In an article recently published in the journal Scientific Reports, researchers examined the response patterns of artificial intelligence (AI) chatbots/large language models (LLMs) to different emotional primes to investigate whether these chatbots elicit human-like response patterns to risk and prosocial behavioral cues.
AI and emotional intelligence
The investigation of AI’s capabilities has remained one of the top priorities of the scientific community, specifically with the advent of advanced LLMs. Conventionally, studies have primarily focused on investigating cognitive dimensions. A recent study investigated the coding skills, multimodal functionalities, and mathematical prowess, and evaluated the human interaction competencies of generative pre-trained transformers (GPT) -4.
However, sufficient studies have not been performed to investigate AI's emotional intelligence. Emotions, which are distinctly human characteristics, can result in a range of behaviors, such as promoting generosity under positive emotional states or risk aversion under negative ones. However, determining whether AI can possess emotions is difficult due to the lack of a clear definition of 'emotion' in the context of AI. Conventionally, human emotions serve dual roles, including interpersonal and intrapersonal roles.

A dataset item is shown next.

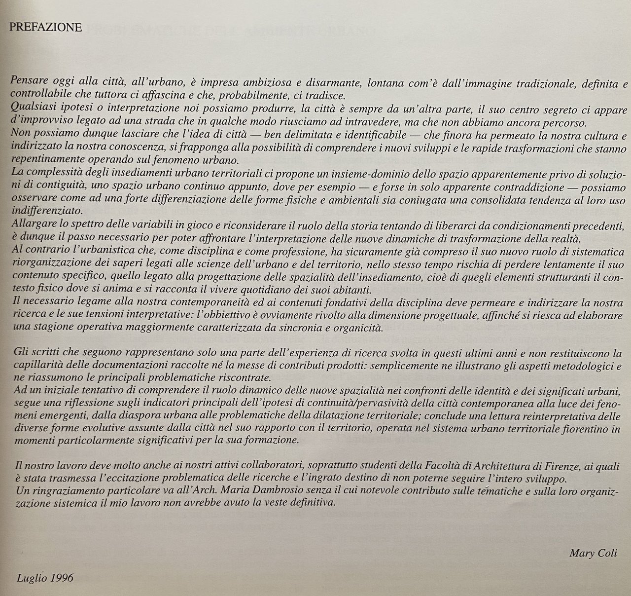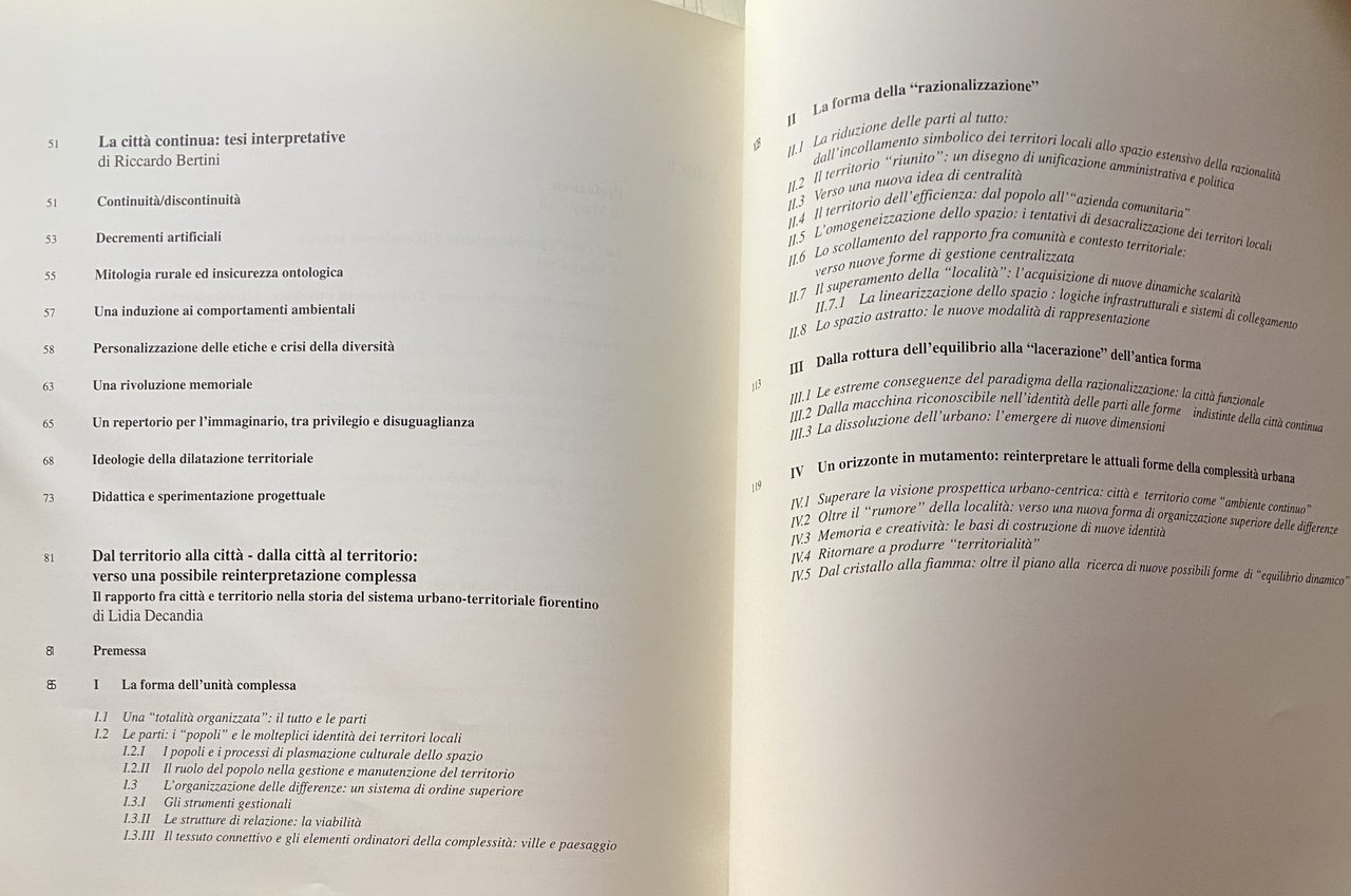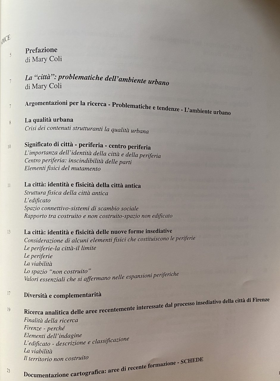 Soggetti: Firenze Pianificazione urbanistica Architettura Ecologia Ambiente Pianificazione territoriale Toscana Parchi Città Edilizia Riforma Trasformazioni ambientali Spazio urbano Libri illustrati fuori catalogo Saggi Insediamento Problematicità Qualità della vita Crisi Centro Periferia Edificato Relazioni Costruzioni Costruito Identità culturale Viabilità Periferie Traffico Vuoti Documentazione Cartografia Mappe Territorio Carte Discontinuità Teorie urbanistiche Campagna Mitologia rurale Verde urbano Comportamento Tutela Disuguaglianze Didattica Rumore Visione Urbano-centrica Equilibrio Città funzionale Razionalizzazione Omogeneizzazione Località Gestione Scollamento Tessuto Contesto Centralità Efficienza Sperimentazione progettuale Progettazione Progetti Ville Paesaggio Case Abitazioni Manutenzione Plasmazione Rapporto Popolazione Cittadinanza Unificazione amministrativa Esclusività Razionalità Creatività Memoria Trasformazioni Rivoluzione Differenze Continuità J. Hillmann Anni Settanta Anni Cinquanta Anni Sessanta Prato Pistoia Castello Strade Unità Contado A. Bacchetti Fortezza da Basso Ideologia Tendenze Restauro Ristrutturazioni Abbandono Socialità Luoghi Scambio sociale Planimetrie Estetica Bellosguardo Collina Pianura Arno Attrezzature Servizi Funzioni Anni Novanta ISTAT Pisa M. Morandi Vettoretto Censis Sesto Fiorentino Campi Bisenzio Calenzano Novoli Signa Impruneta Montelupo Scandicci Fiesole Ripoli Montemurlo Immobiliare Domanda Offerta Bagnasco Densità Giddens Lyotard Sociologia Virilio Lavoro Cinesi Fabbriche Immigrati Immigrazione Integrazione Sistema Donnino Controlli Leggi Leonardo Bruni Giancarlo Paba Baldeschi Emilio Sereni Autorità Mariolina Besio Cupola Brunelleschi Duomo Centro storico Turismo Localismo Capitalismo Habermas Parchi Leonida Pindemonte Villini Viali Vie Espansione Degrado Metropoli Giovanni Michelucci Residenziale Edoardo Detti Università Mobilità Provincia Tesi interpretative Florence Urban planning Architecture Ecology Environment Territorial planning Tuscany Parks City Construction Reform Environmental transformations Urban space Illustrated books out of print Essays Settlement Problems Quality of life Crisis Center Periphery Built-up Relationships Constructions Built Cultural identity Viability Suburbs Traffic Empty Documentation Cartography Maps Territory Maps Discontinuity Urban planning theories Countryside Mythology rural Urban green Behavior Protection Inequalities Education Noise Urban-centric vision Balance Functional Rationalization Homogenization Locality Management Fabric disconnection Context Centrality Efficiency Design experimentation Design Projects Villas Landscape Houses Maintenance Shaping Relationship Population Citizenship Administrative unification Exclusivity Rationality Creativity Memory Transformations Revolution Differences Continuity The Seventies Years Fifties Sixties Castle Streets Unity Ideology Trends Restoration Renovations Abandonment Sociality Places Social exchange Plans Aesthetics Bellosguardo Hill Plain Equipment Services Functions Nineties Real estate Demand Offer Density Sociology Work Chinese Factories Immigrants Immigration Integration System Controls Laws Authorities Dome Cathedral Historic center Tourism Localism Capitalism Parks Avenues Streets Expansion Degradation Metropolis Residential University Mobility Province Interpretative theses

Although AI has achieved significant progress in the interpersonal role as the technology can interpret emotional states from different inputs and respond suitably and simulate emotional expressions convincingly across several domains, the ability of AI to match the intrapersonal functions of human emotions has remained underexplored. However, a complete grasp of AI behavior can only be achieved by understanding the extent to which the technology can adjust its responses to emotions/emotional stimuli.
The study
In this work, researchers performed two studies, designated as Study 1 and Study 2, to investigate the response patterns of AI chatbots/LLMs, including OpenAI's ChatGPT-3.5 and ChatGPT-4, to different emotional primes. Six different OpenAI ChatGPT Plus accounts with access to both the previous ChatGPT-3.5 model and the latest ChatGPT-4 model were tasked with responding to inquiries concerning prosocial behaviors and investment decisions.
Specifically, the influence of emotional priming on financial decision-making and prosociality in LLM-generated texts was analyzed in Study 1 and Study 2, respectively. Like humans, AI models can also be guided by prompts to perform specific tasks.
The latest advances in LLMs have enabled them to comprehend natural language and respond to complex questions and instructions involved in psychological experiments. Additionally, the parameter temperature is set by OpenAI to regulate how freely the answers can be generated by the bots.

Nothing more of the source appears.